*DATA*:

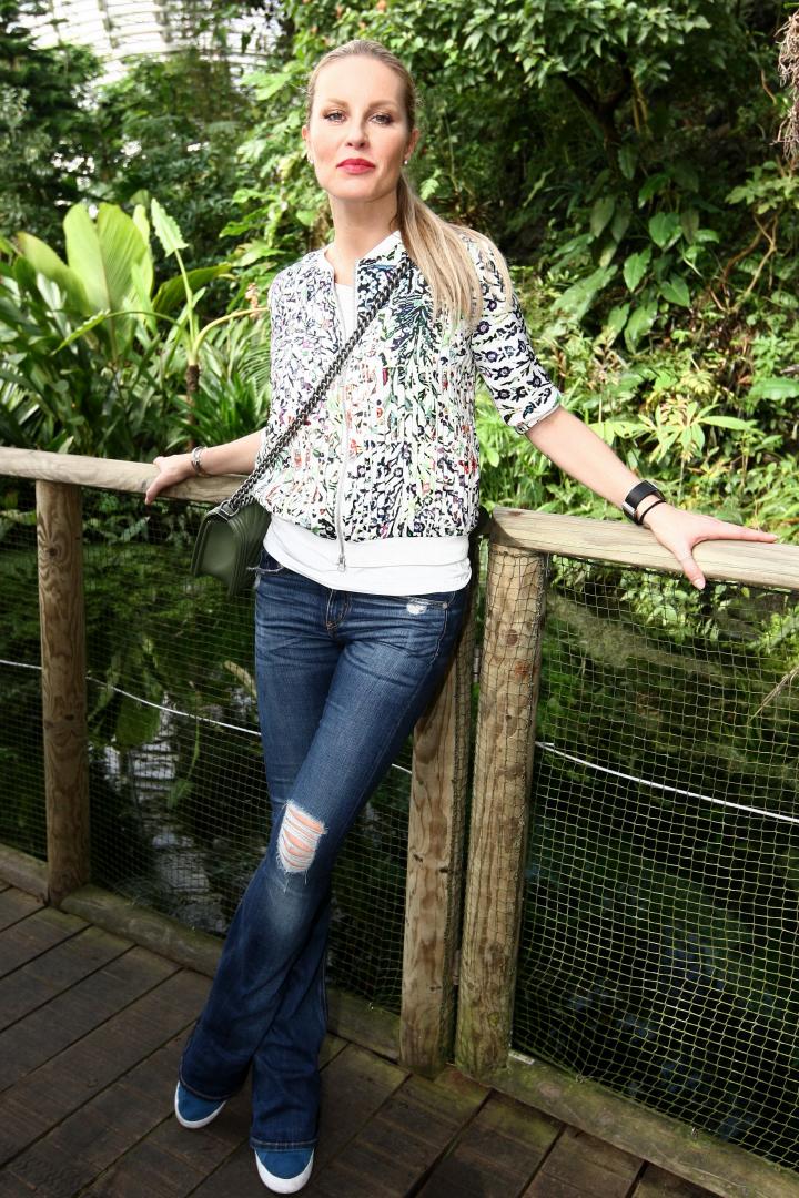Ve stejné botanické zahradě byla minulý měsíc otevřena také výstava o orchidejích. Tu otevřela jiná krásná hvězda Simona Krainová. U modelky by se dal očekávat jistý smysl pro patřičnost, zde bohužel musím vyjádřit zklamání nad zvoleným outfitem, který bych volil pro nákup v Lidlu, nebo když jdu s dětmi na pískoviště a je jisté že se umažu a v tomto oblečení mi to nebude líto. Nějakou dobu se spekuluje, že zvonové nohavice se vrátí. Možná ano, i když v Čechách člověk nemusí být s posledními trendy tak hrr, tady se ještě hodně boubelatých děvčat a křivonohých hochů v jeansech co vypadají jako kostýmy pážat pro film Noc na Karlštejně bude pár sezón znemožňovat. Co ovšem nikdy nebylo trendy, in, nebo alespoň obyčejně hezké, jsou díry na kalhotách. Je to trapné ve dvaceti, nepatřičné ve třiceti a "kraině" nevhodné ve čtyřiceti. Ženy i muži! Oblečení které má na sobě díry a lezou z něj nitě, nikdy nebude vypadat cool, ale vždycky jako hadr, který má díry a lezou z něj nitě.
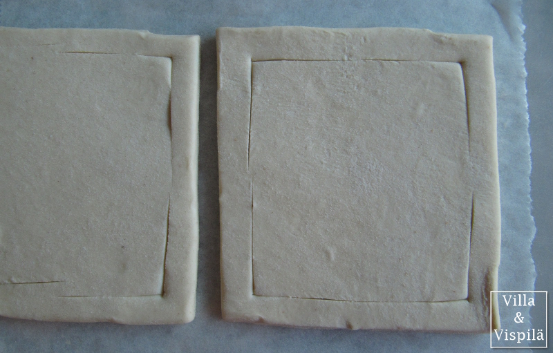 Tarvitset lehti- tai torttutaikinaa ja hilloa.
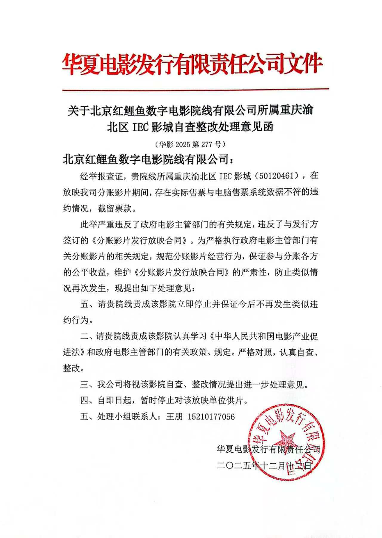 关于北京红鲤鱼数字电影院线有限公司所属重庆渝北区IEC影城自查整改处理意见函
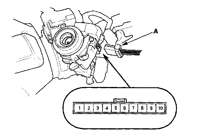 2. Disconnect the 10P connector (A) from the ignition switch control unit.
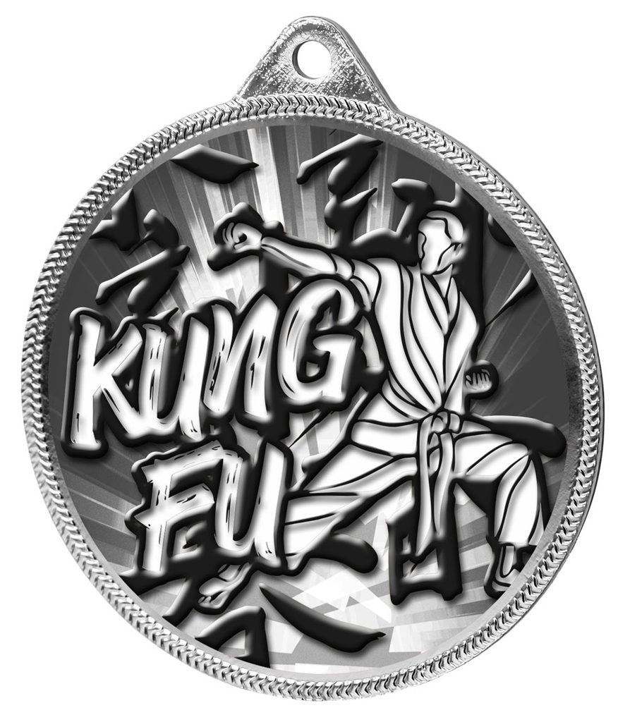 Medalla Clásica de Kung Fu con Textura 3D en Plata
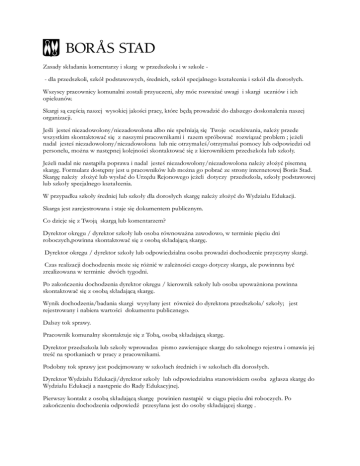Zasady składania komentarzy i skarg w przedszkolu i w szkole - dla przedszkoli, szkół podstawowych, średnich, szkół specjalnego kształcenia i szkół dla dorosłych. Wszyscy pracownicy komunalni zostali przyuczeni, aby móc rozważać uwagi i skargi uczniów i ich opiekunów. Skargi są częścią naszej wysokiej jakości pracy, które będą prowadzić do dalszego doskonalenia naszej organizacji. Jeśli jesteś niezadowolony/niezadowolona albo nie spełniają się Twoje oczekiwania, należy przede wszystkim skontaktować się z naszymi pracownikami i razem spróbować rozwiązać problem ; jeżeli nadal jesteś niezadowolony/niezadowolona lub nie otrzymałeś/otrzymałaś pomocy lub odpowiedzi od personelu, można w następnej kolejności skontaktować się z kierownikiem przedszkola lub szkoły. Jeżeli nadal nie nastąpiła poprawa i nadal jesteś niezadowolony/niezadowolona należy złożyć pisemną skargę. Formularz dostępny jest u pracowników lub można go pobrać ze strony internetowej Borås Stad. Skargę należy złożyć lub wysłać do Urzędu Rejonowego jeżeli dotyczy przedszkola, szkoły podstawowej lub szkoły specjalnego kształcenia. W przypadku szkoły średniej lub szkoły dla dorosłych skargę należy złożyć do Wydziału Edukacji. Skarga jest zarejestrowana i staje się dokumentem publicznym. Co dzieje się z Twoją skargą lub komentarzem? Dyrektor okręgu / dyrektor szkoły lub osoba równoważna zawodowo, w terminie pięciu dni roboczych,powinna skontaktować się z osobą składającą skargę. Dyrektor okręgu / dyrektor szkoły lub odpowiedzialna osoba prowadzi dochodzenie przyczyny skargi. Czas realizacji dochodzenia może się różnić w zależności czego dotyczy skarga, ale powinnna być zrealizowana w terminie dwóch tygodni. Po zakończeniu dochodzenia dyrektor okręgu / kierownik szkoły lub osoba upoważniona powinna skontaktować się z osobą składającą skargę. Wynik dochodzenia/badania skargi wysyłany jest również do dyrektora przedszkola/ szkoły; jest rejestrowany i nabiera wartości dokumentu publicznego. Dalszy tok sprawy. Pracownik komunalny skontaktuje się z Tobą, osobą składającą skargę. Dyrektor przedszkola lub szkoły wprowadza pismo zawierające skargę do szkolnego rejestru i omawia jej treść na spotkaniach w pracy z pracownikami. Podobny tok sprawy jest podejmowany w szkołach średnich i w szkołach dla dorosłych. Dyrektor Wydziału Edukacji/dyrektor szkoły lub odpowiedzialna stanowiskiem osoba zgłasza skargę do Wydziału Edukacji a następnie do Rady Edukacyjnej. Pierwszy kontakt z osobą składającą skargę powinien nastąpić w ciągu pięciu dni roboczych. Po zakończeniu dochodzenia odpowiedź przesyłana jest do osoby składającej skargę .

*EXERCISE*: In the entries above, every line from the line with "关于北京红鲤鱼数字电影院线有限公司所属重庆渝北区IEC影城自查整改处理意见函" to the line with "Medalla Clásica de" is to be printed exactly, with both ends included and pictures excluded.

*RESULT OF THIS TASK*:
 关于北京红鲤鱼数字电影院线有限公司所属重庆渝北区IEC影城自查整改处理意见函
 2. Disconnect the 10P connector (A) from the ignition switch control unit.
 Medalla Clásica de Kung Fu con Textura 3D en Plata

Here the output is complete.